> [ASSIGNMENT]: Word for word, set down every line of the entries below from the line with "Другое Цвета T-Рубашка ткани 100% хлопок" to the line with "Spartiti - M.", including both, and no other line.

> [SUPPLIED DATA]:

----

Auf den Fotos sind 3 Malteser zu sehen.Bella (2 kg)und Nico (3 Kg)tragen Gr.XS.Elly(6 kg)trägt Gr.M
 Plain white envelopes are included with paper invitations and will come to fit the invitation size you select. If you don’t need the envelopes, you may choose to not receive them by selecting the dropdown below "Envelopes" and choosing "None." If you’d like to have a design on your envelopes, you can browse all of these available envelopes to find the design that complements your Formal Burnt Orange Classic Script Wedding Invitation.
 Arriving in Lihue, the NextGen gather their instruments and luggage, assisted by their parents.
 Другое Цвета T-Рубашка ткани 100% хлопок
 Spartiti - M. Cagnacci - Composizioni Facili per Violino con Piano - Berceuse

----

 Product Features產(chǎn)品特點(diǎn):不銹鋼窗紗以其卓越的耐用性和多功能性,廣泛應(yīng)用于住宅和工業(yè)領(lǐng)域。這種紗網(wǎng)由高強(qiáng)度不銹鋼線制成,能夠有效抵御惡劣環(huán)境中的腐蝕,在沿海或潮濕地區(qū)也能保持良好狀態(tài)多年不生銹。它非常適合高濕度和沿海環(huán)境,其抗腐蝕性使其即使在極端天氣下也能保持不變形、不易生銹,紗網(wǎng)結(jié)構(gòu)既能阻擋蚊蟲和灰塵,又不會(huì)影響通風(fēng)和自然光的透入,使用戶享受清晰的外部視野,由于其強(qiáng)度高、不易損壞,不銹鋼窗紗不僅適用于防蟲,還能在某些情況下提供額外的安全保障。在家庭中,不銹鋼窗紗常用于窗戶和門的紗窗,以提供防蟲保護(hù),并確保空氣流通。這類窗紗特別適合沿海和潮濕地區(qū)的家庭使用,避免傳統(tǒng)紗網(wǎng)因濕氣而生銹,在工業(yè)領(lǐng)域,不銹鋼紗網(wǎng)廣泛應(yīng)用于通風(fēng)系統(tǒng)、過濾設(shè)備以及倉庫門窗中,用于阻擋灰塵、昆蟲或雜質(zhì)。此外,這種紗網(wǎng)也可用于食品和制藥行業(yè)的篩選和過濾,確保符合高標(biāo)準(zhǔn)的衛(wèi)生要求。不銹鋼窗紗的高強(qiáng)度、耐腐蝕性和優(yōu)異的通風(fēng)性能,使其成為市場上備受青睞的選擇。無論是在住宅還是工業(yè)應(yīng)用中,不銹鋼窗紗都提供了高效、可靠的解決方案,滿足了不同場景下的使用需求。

----

> [EXERCISE SOLUTION]:
 Другое Цвета T-Рубашка ткани 100% хлопок
 Spartiti - M. Cagnacci - Composizioni Facili per Violino con Piano - Berceuse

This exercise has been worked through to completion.